EAST RUTHERFORD, N.J. (AP) -- Phil Jackson seemed in a daze when it was over, trying to digest his many accomplishments.

"It is remarkable that I'm sitting here in a situation I never dreamed of," he said.

Jackson quit his job as coach of the CBA's Albany Patroons in 1987 after five years on the job, figuring he'd never become an NBA coach and graduate school might be a better direction.

Now, after his Los Angeles Lakers beat New Jersey 113-107 Wednesday night to complete a sweep of the NBA Finals, he could only shake his head.

  • Jackson-coached teams have won 24 straight playoff series.

  • Jackson has coached nine NBA champions to tie the record of Boston's Red Auerbach.

  • Jackson-coached teams have won a record 156 playoff games -- one more than Pat Riley. Jackson's teams are 156-55; Riley's teams were 155-100.

  • Jackson-coached teams have won three straight championships three times. Only two other teams, the Minneapolis Lakers (1952-54) and the Boston Celtics (1959-66) have accomplished that feat.

    Head of the Class
    All-time career playoff
    coaching victories
    Coach  Wins 
    Phil Jackson  156  
    Pat Riley  155 
    Red Auerbach  99 
    K.C. Jones  81 
    Lenny Wilkens  80 
    Jerry Sloan  77 
    Chuck Daly  75 
    Billy Cunningham  66 
    Larry Brown  64 
    John Kundla  60 

    The Chicago Bulls hired Jackson as an assistant coach to Doug Collins in 1988, and after two seasons in that role, Collins was fired and Jackson was promoted.

    He won six titles in nine years as the Bulls' head coach and another three in as many years with the Lakers.

    That's nine championships in 12 years.

    "How fortunate I am to be here, what great teams I've had to play with, to coach with," Jackson said. "I just look forward to the next one and great hopes that I have an anticipation of getting back here again for a 10th opportunity."

    Jackson dedicated this championship to the late Red Holzman, his coach when he played for the New York Knicks.

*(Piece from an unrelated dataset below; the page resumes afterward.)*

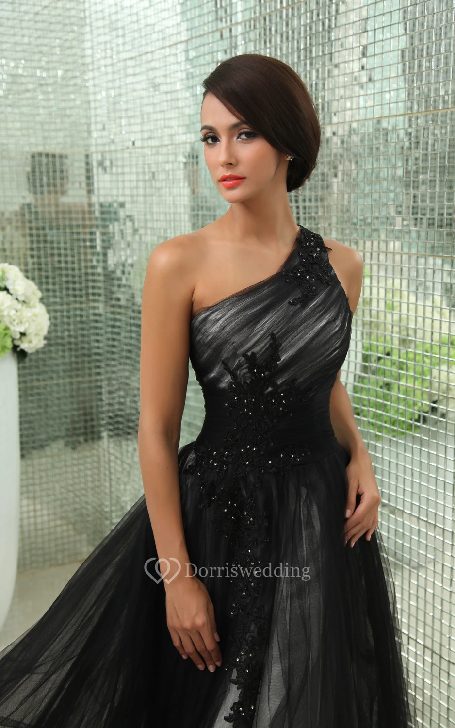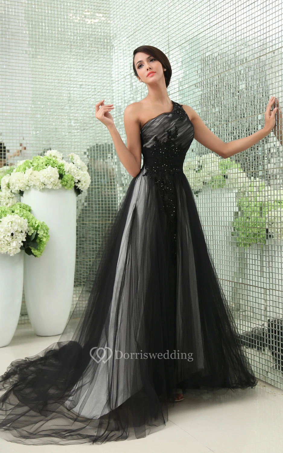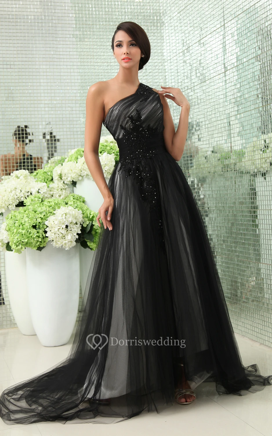 Graceful One-Shoulder Layered Tulle Gown With Side Zipper

    "I know he'd be thinking and praying for me wherever he's at and whatever form he's in," Jackson said. "This is a big moment for me and for him."

    Jackson made special mention of 80-year-old Lakers assistant Tex Winter, who's been around for all nine championships and originated the triangle offense.

    "He's a big part of what I've done," Jackson said. "I wanted to give him a lot of credit."

    Winter has said this might be his final year in coaching.